Loni Stark, director of product and industry marketing, Adobe
Loni Stark, director of product and industry marketing, Adobe

There's never a dull moment in marketing. One person who knows this firsthand is Loni Stark, director of product and industry marketing at Adobe. Stark's perspective is not only as a marketer, but also as a provider of digital marketing. That combined viewpoint provides her with a distinctive angle on trends in the market. During a conversation we had last week, Stark shared some of that insight with me; specifically, she talked about the elements of content marketing, channel integration, and mobile marketing that marketers should be thinking about differently.

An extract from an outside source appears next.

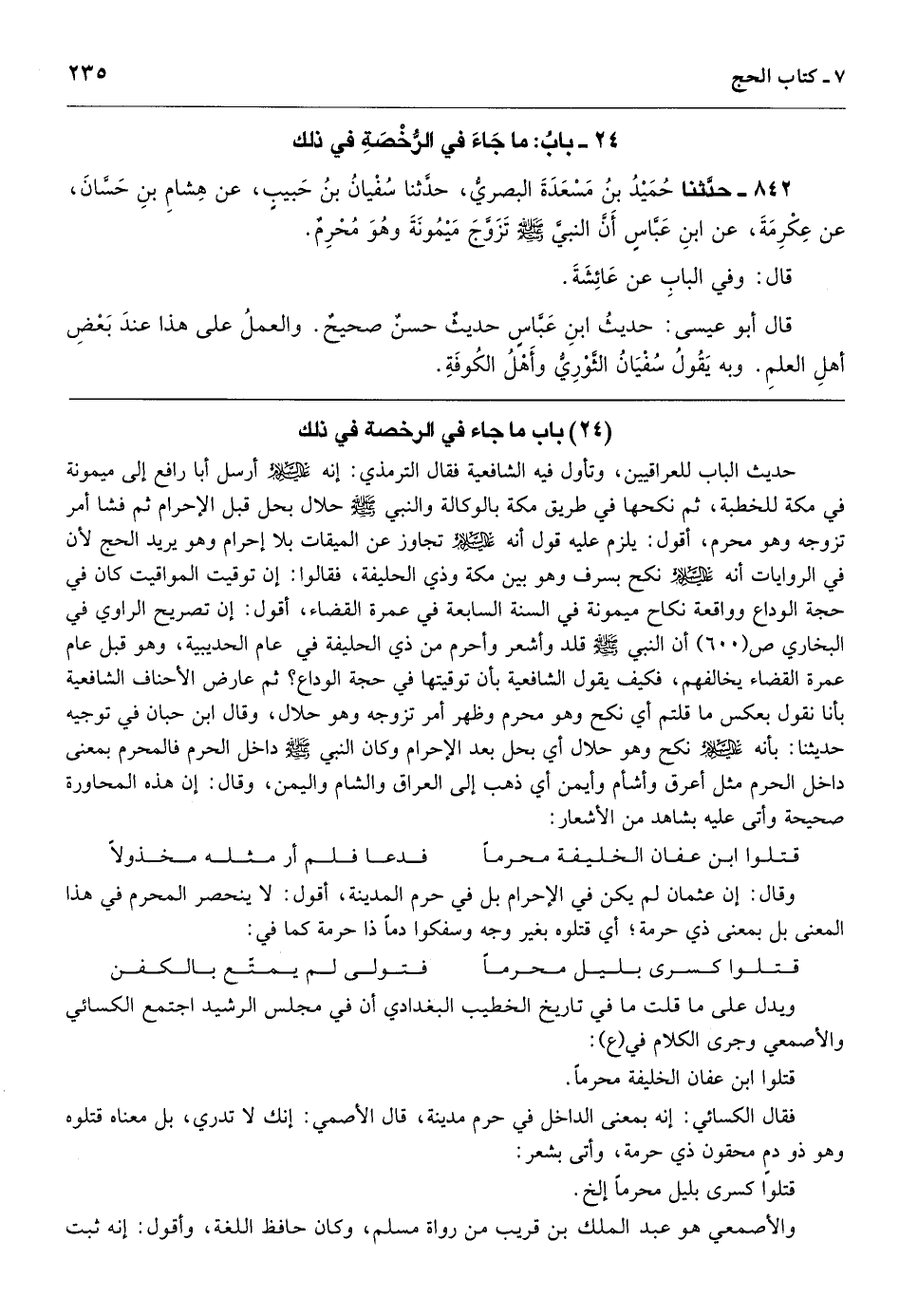 [842] حديث الباب للعراقيين، وتأول فيه الشافعية فقال الترمذي: إنه أرسل أبا رافع إلى ميمونة في مكة للخطبة، ثم نكحها في طريق مكة بالوكالة والنبي - صَلَّى اللهُ عَلَيْهِ وَسَلَّمَ - حلال بحل قبل الإحرام ثم فشا أمر تزوجه وهو محرم، أقول: يلزم عليه قول أنه تجاوز عن الميقات بلا إحرام وهو يريد الحج لأن في الروايات أنه نكح بسرف وهو بين مكة وذي الحليفة، فقالوا: إن توقيت المواقيت كان في حجة الوداع وواقعة نكاح ميمونة في السنة السابعة في عمرة القضاء، أقول: إن تصريح الراوي في البخاري ص (600) أن النبي - صَلَّى اللهُ عَلَيْهِ وَسَلَّمَ - قلد وأشعر وأحرم من ذي الحليفة في عام الحديبية، وهو قبل عام عمرة القضاء يخالفهم، فكيف يقول الشافعية بأن توقيتها في حجة الوداع؟ ثم عارض الأحناف الشافعية بأنا نقول بعكس ما قلتم أي نكح وهو محرم وظهر أمر تزوجه وهو حلال، وقال ابن حبان في توجيه حديثنا: بأنه نكح وهو حلال أي بحل بعد الإحرام وكان النبي - صَلَّى اللهُ عَلَيْهِ وَسَلَّمَ - داخل الحرم فالمحرم بمعنى داخل الحرم مثل أعرق وأشأم وأيمن أي ذهب إلى العراق والشام واليمن، وقال: إن هذه المحاورة صحيحة وأتى عليه بشاهد من الأشعار:

Content is shrinking and growing: Content is becoming more snackable. Marketers can take a message and reduce it to an image or pin or infographic and get it to where they can measure the impact of it and what action customers take, Stark said. At the same time there's a resurgence of long-form content. What's more, customers' attention may be decreasing in some areas, but it's increasing for things that they find most engaging. An example is the binge-watching that's become commonplace.

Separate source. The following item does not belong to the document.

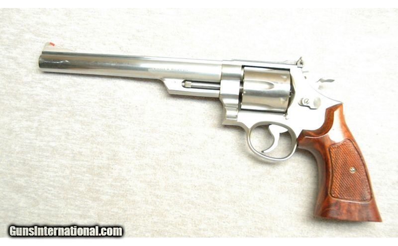 Description: Smith & Wesson Model 629-1 in .44 Magnum. This .44 Magnum has a six shot fluted cylinder and remains in overall excellent condition. Cylinder has very light turn ring. Grips are also excellent. The powerful .44 Magnum makes an excellent hunting cartridge effective for all North American large game. .44 Magnum SOLD Chambers: .44 Magnum Metal Condition: Excellent Wood Condition: Excellent Bore Condition: Bright Barrels: 8 1/4 Inch Barrel Triggers: Double and single action Butt Pad: Checkered Walnut Grips with S&W Medallion Sights: Front ramp with red insert and rear adjustable sight Item Location: La Vista, NE |

Considering these conflicting trends, marketers need to think about a spectrum of content: from snackable content to deeper levels of content, as well, Stark said. It's important to generate high-value, long-form content such as blogs for engaged customers, as well as bite-size content for people who aren't ready to commit to more. Stark cited the ALS Association's Ice Bucket Challenge as an example. “The Challenge wouldn't work without the research and information about ALS available on the association's website,” she said. “Its challenge went viral for a few reasons. First, because it supports a cause people want to align with—‘I can rally behind this.' Second, it's crazy fun and gives permission to do something crazy. And third, there was a clear call-to-action that was meaningful: Complete the challenge or donate in 24 hours. Most people donated, they didn't just douse themselves.” The snackable content, i.e. videos, created by participants taking the Ice Bucket Challenge is great for awareness, Stark said: Throngs of people visited ALS Association's site for first time as a result of the Challenge. Those first-time visitors then had deep content available to them if they wanted to find out more about ALS and the association and potentially become more than just a one-time donor. “Even with all the snackable content available, there's still a need for the content that's a feast, too,” Stark said.

Not just channel, context: While marketers continue to debate the merits of omnichannel versus multichannel, some are missing the all-important element of context. “Think about not just the content you create, but also the channel it will live in, and the task customers may be trying to complete when viewing that content,” Stark said. Marketers also need to consider a customer's primary task when he's taking an action versus, say, just the device he's using to complete that task. That task is the context, not the device itself. For example, if a consumer is using a mobile phone to research a nearby restaurant with a gluten-free menu, the restaurant search is the task to be considered, not just that she's using a smartphone to conduct the search.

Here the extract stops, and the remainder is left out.